The Book, Cat, & Cat Book Lovers Almanac

of historical trivia regarding books, cats, and other animals. Actually this blog has evolved so that it is described better as a blog about cats in history and culture. And we take as a theme the advice of Aldous Huxley: If you want to be a writer, get some cats. Don't forget to see the archived articles linked at the bottom of the page.

November 7, 2014

November 7, 1913

From My Life: A Record of Events and Opinions (1905) the work of Alfred Russel Wallace, we quote:

[A]s illustrations of the interest in common things conferred by a knowledge of the elementary laws of physical science, I remark[:]

“Many who marvel at the rolling thunder care not to inquire what causes the sound which is heard when a tightly-fitting cork is quickly drawn from a bottle, or when a whip is cracked or a pistol fired; and while they are struck with awe and admiration at the dazzling lightning, look upon the sparks drawn from a cat’s back on a frosty evening and the slight crackle that accompanies them as being only fit to amuse a child ; yet in each case the cause of the trifling and of the grand phenomena is the same. He who has extended his inquiries into the varied phenomena of nature learns to despise no fact, however small, and to consider the most apparently insignif cant and common occurrences as much in need of explanation as those of a grander and more imposing character.
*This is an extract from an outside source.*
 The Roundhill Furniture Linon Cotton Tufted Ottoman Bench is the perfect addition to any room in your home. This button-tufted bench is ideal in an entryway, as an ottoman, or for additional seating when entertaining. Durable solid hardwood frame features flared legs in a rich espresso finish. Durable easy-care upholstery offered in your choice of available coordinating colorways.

He sees in every dewdrop trembling on the grass causes at work analogous to those which have produced the spherical figure of the earth and planets; and in the beautiful forms of crystallization on his window-panes on a frosty morning he recognizes the action of laws which may also have a part in the production of the similar forms of plants and of many of the lower animal types. Thus the simplest facts of everyday life have to him an inner meaning, and he sees that they depend upon the same general laws as those that are at work in the grandest phenomena of nature.”
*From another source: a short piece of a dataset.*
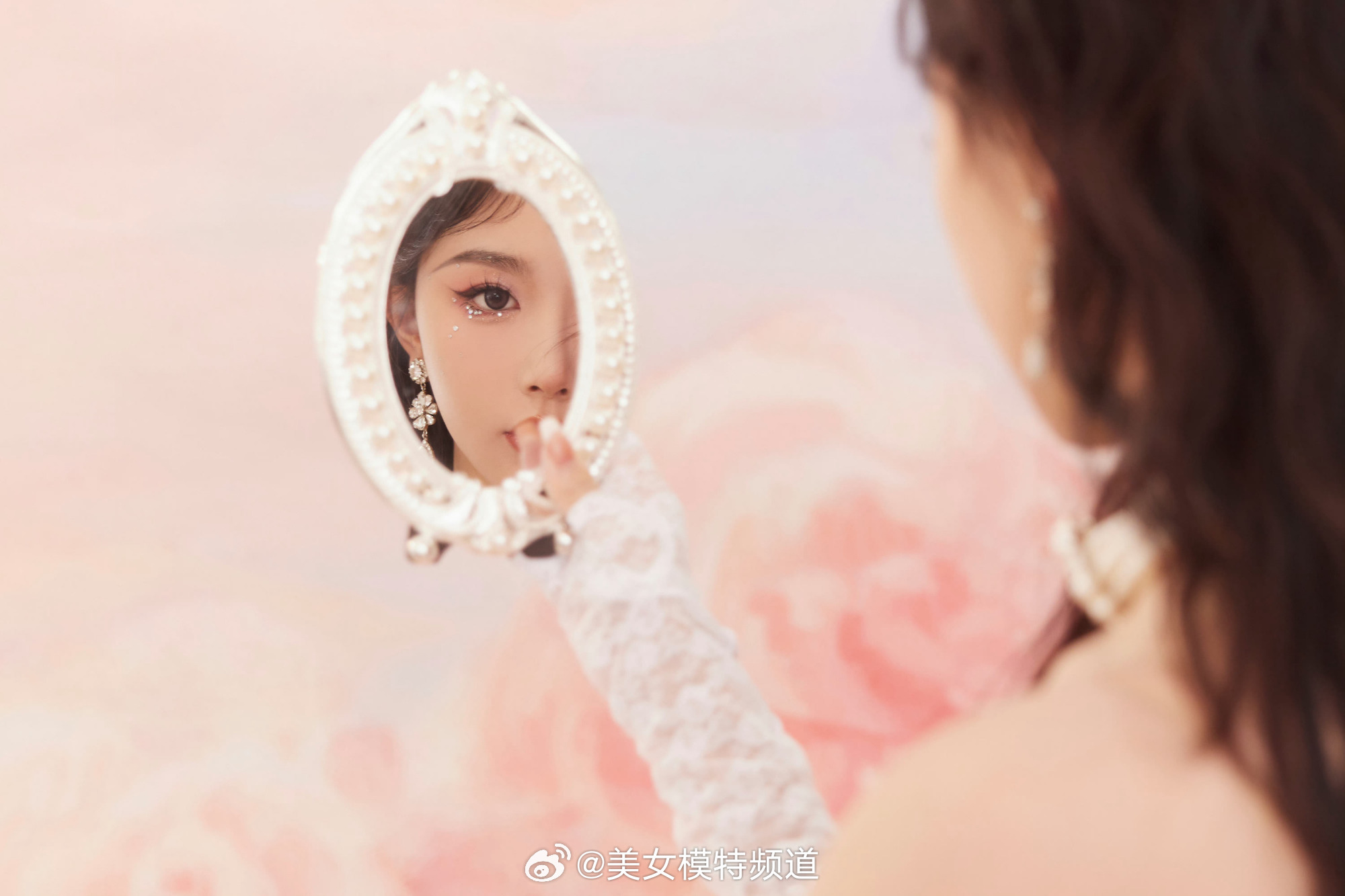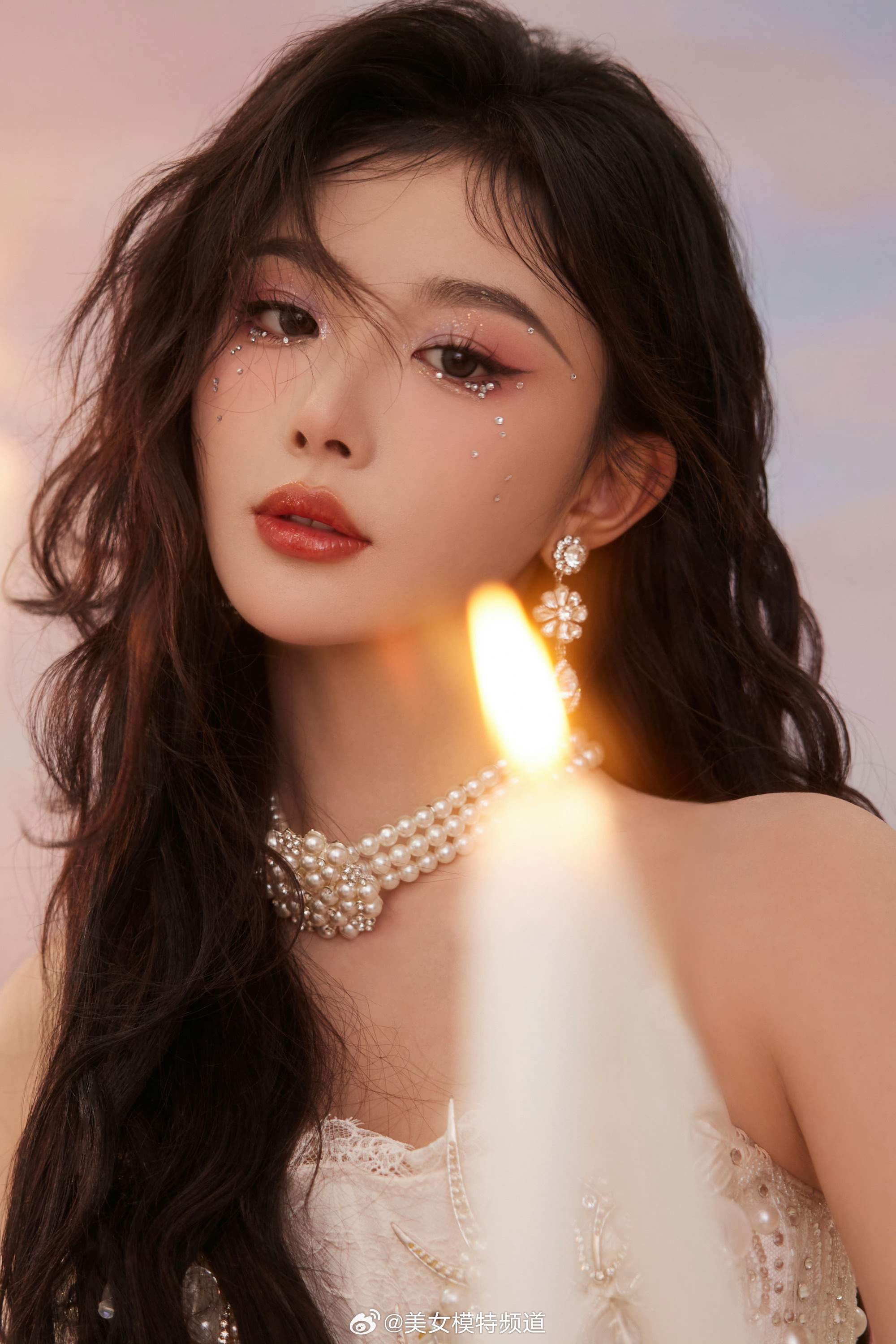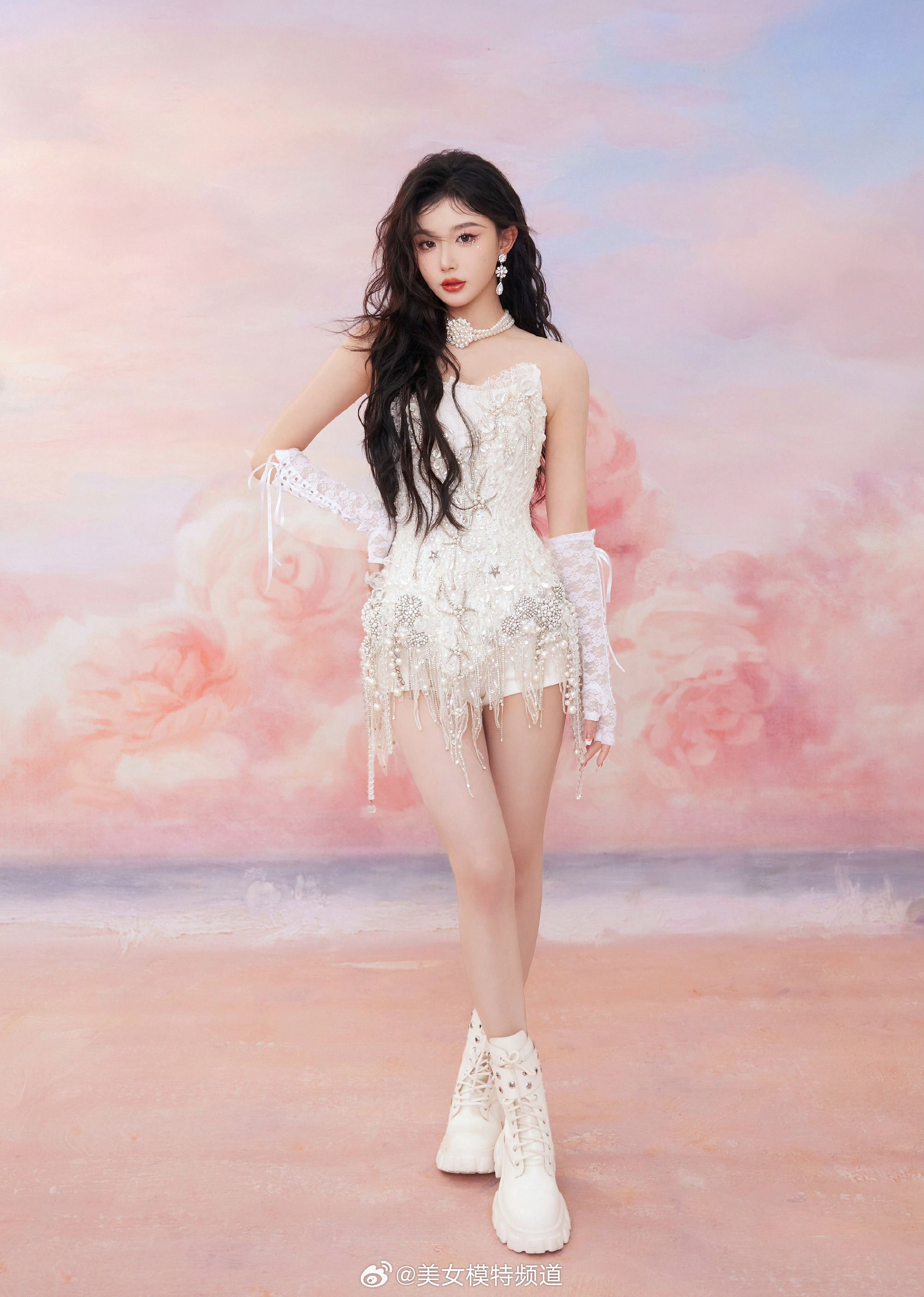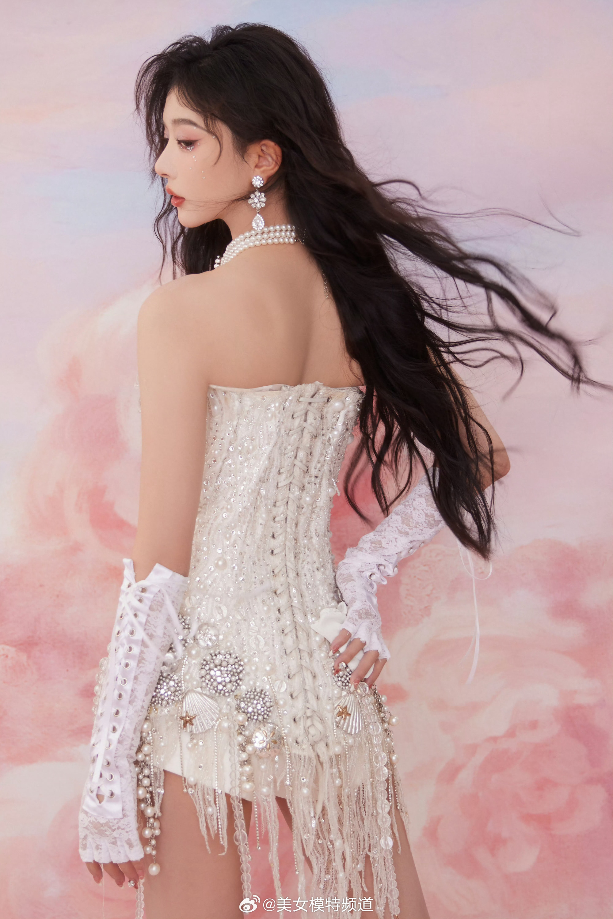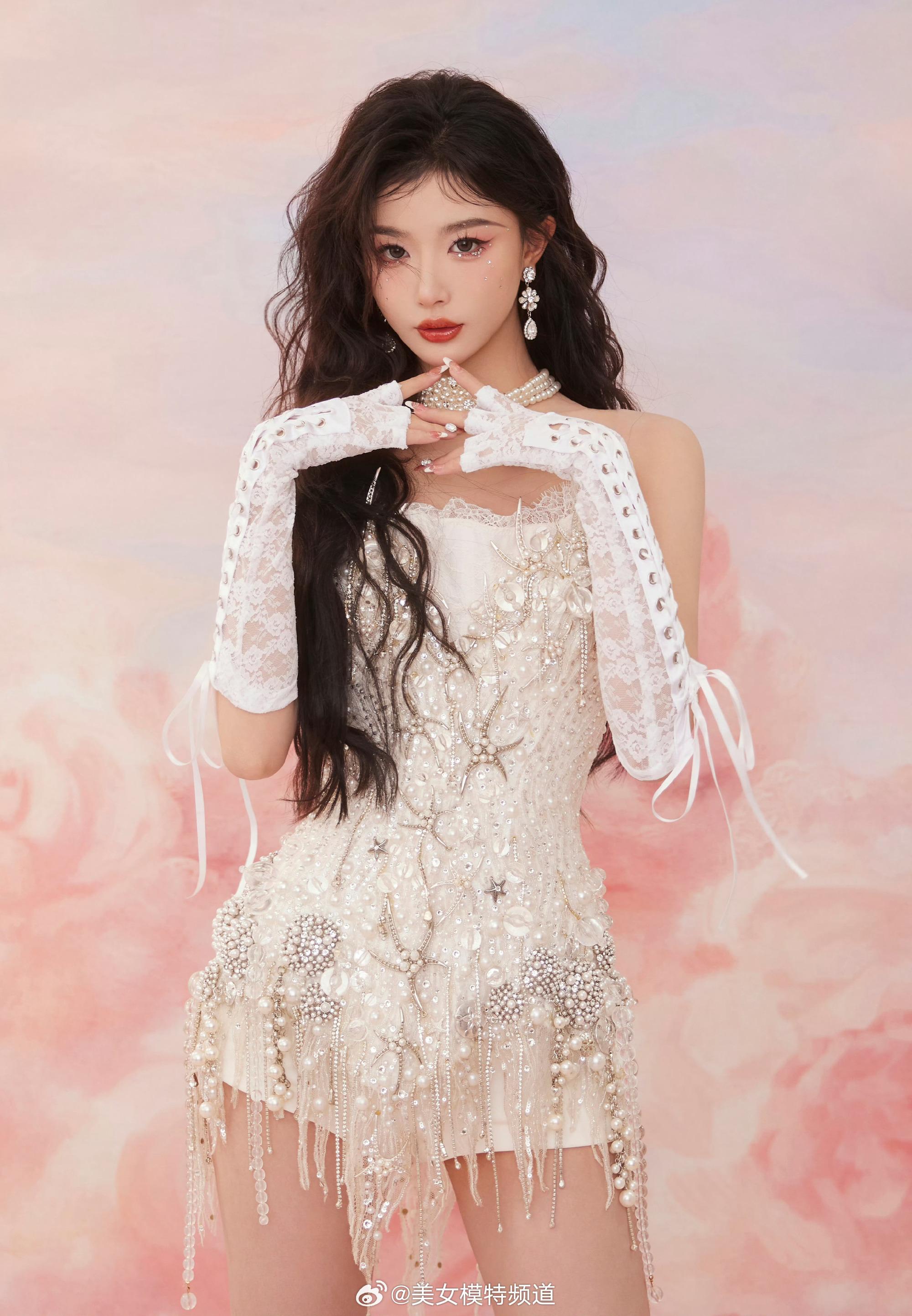 孔雪儿白色蕾丝裙流光溢彩

Alfred Russell Wallace (January 8, 1823 to November 7, 1913) discovered, among other things, the modern theory of evolution. It was in fact only when he outlined his ideas to Darwin, that the latter was moved to present his own parallel thinking to the public. It was all done graciously. Darwin presented introduced both their ideas at a scientific conference.
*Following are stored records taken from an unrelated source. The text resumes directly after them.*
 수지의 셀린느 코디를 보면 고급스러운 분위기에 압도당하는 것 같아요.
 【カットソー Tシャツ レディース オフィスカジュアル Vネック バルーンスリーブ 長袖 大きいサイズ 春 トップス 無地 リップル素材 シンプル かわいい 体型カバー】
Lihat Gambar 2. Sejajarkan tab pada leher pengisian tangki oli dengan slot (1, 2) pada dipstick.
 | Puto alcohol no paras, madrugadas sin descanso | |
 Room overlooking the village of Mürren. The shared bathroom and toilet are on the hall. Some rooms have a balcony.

But what is still amazing to me about Russell's ideas, is what we call the Wallace Line which divides the species of Australia and Borneo from those of East Asia, including the Philippines. The animals are different on either side of what to me seems like an arbitrary line in the water. Now I have read the explanations. They just don't really seem plausible.

Wallace was not wealthy, nor did he invest money well. He had no family connections, or occupational position, to fall back on. Darwin pressured the government to give Alfred R. Wallace a small pension in 1881.